Natal João Magnanti
A agricultura familiar de Santa Catarina tem sido considerada um modelo que deu certo em função dos resultados econômicos, da estrutura fundiária e social, bem como pela organização dos agricultores em forma de cooperação agrícola. Contrariando essa percepção consagrada, tem-se verificado nas últimas décadas o avanço das unidades de produção vegetal e animal especializadas em detrimento dos sistemas compostos por policultivos associados a criações mantidos pela agricultura familiar. A produção industrial de suínos, aves e fumo vem trazendo consequências nada salutares para o meio ambiente e, comprovadamente, vem excluindo milhares de famílias agricultoras da atividade produtiva. Além disso, a crescente litoralização da população de Santa Catarina, assim como a masculinização e o envelhecimento da população rural, chamam a atenção para a necessidade de revisão de conceitos e ações por parte do poder público e das entidades da sociedade civil que interagem com o meio rural catarinense.
Nesse mesmo contexto de acirramento da crise socioambiental no meio rural catarinense, a temática das mudanças climáticas vem adquirindo evidência crescente. Fenômenos como o ciclone Catarina que abalou o sul do estado, as cíclicas e cada vez mais frequentes secas no oeste, bem como a dimensão sem precedentes das enchentes no Vale do Itajaí são a prova cabal de que o clima está sofrendo transformações. Já existe um amplo consenso científico de que essas alterações vêm sendo provocadas pela ação humana sobre a biosfera e que a mitigação do aquecimento global exige profundas mudanças nos padrões de produção e de consumo das sociedades modernas.
Além das mudanças nos padrões climáticos globais, o desmatamento e a subsequente ocupação das áreas pela agricultura convencional que ocorreram no oeste e no sul de Santa Catarina contribuíram para que fenômenos como os vendavais se convertessem em ciclones e que os períodos de estiagem se prolongassem e passassem a ser caracterizados como secas. Embora as cheias no Vale do Itajaí sejam registradas desde o período colonial, o que chama atenção nos dias de hoje é a intensidade e a frequência com que vêm ocorrendo.

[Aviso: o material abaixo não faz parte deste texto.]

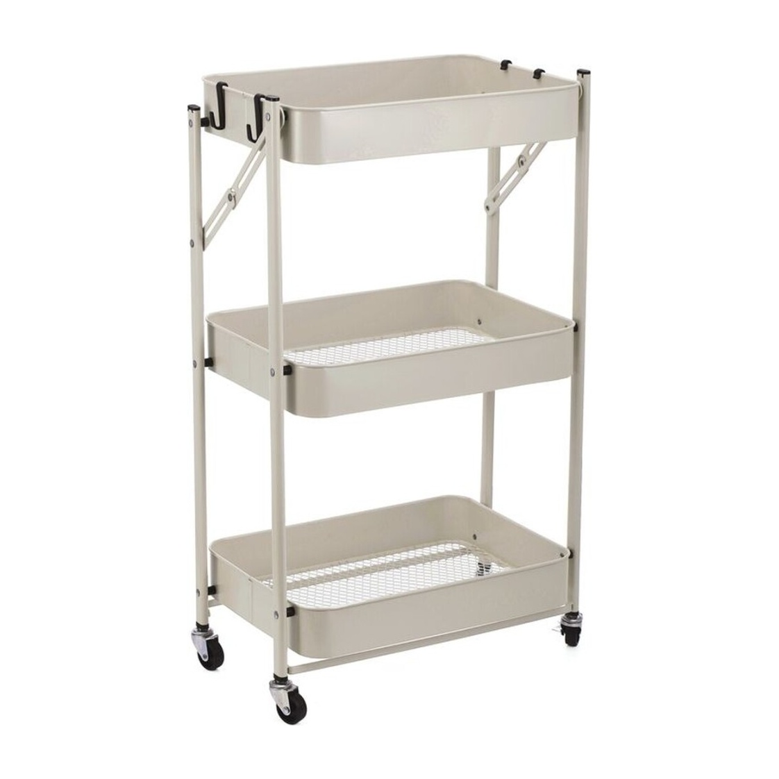 Multifunctionele inklapbare bijzetwagen in naturel afwerking, ontworpen om de organisatie in keuken en huis te vergemakkelijken. Het drievoudige frame biedt praktische opbergruimte voor keukengerei, schoonmaakmiddelen, badkameraccessoires of kantoorbenodigdheden. Draaibare wielen en compact ontwerp maken het verplaatsen tussen kamers en het opbergen wanneer hij niet wordt gebruikt zeer gemakkelijk. Neutrale afwerking die naadloos past bij verschillende woonstijlen.

No quadro de crise generalizada do modelo de desenvolvimento vigente, a emergência dos debates sobre mudanças climáticas pode servir como oportunidade para a explicitação da inviabilidade econômica, ecológica e social dos padrões tecnológicos da Revolução Verde, bem como para a disseminação de propostas alternativas que vêm sendo construídas no estado há algumas décadas a partir de iniciativas locais.

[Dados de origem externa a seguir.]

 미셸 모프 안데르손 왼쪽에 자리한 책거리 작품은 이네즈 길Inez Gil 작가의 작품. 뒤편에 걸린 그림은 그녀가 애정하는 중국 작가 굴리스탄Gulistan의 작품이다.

A AGROECOLOGIA COMO PARADIGMA DE UMA NOVA MATRIZ DA AGRICULTURA FAMILIAR NO ESTADO DE SANTA CATARINA
Partindo do pressuposto de que “o novo nunca vive sem o velho” e de que a Agroecologia fundamenta-se no conhecimento local, podemos afirmar que uma interessante opção para a revitalização da agricultura familiar é a manutenção de tradições já consolidadas, tais como policultivos, associativismo e cooperativismo, agroindustrialização artesanal, entre outros aspectos da nossa cultura rural. Dessa forma, é possível e desejável preservar os aspectos positivos encontrados no modus vivendi da agricultura familiar catarinense e aliar um novo paradigma, que é justamente a Agroecologia, para superar a falsa contradição entre produção de alimentos e preservação ambiental, contribuindo para a adaptação às mudanças climáticas globais.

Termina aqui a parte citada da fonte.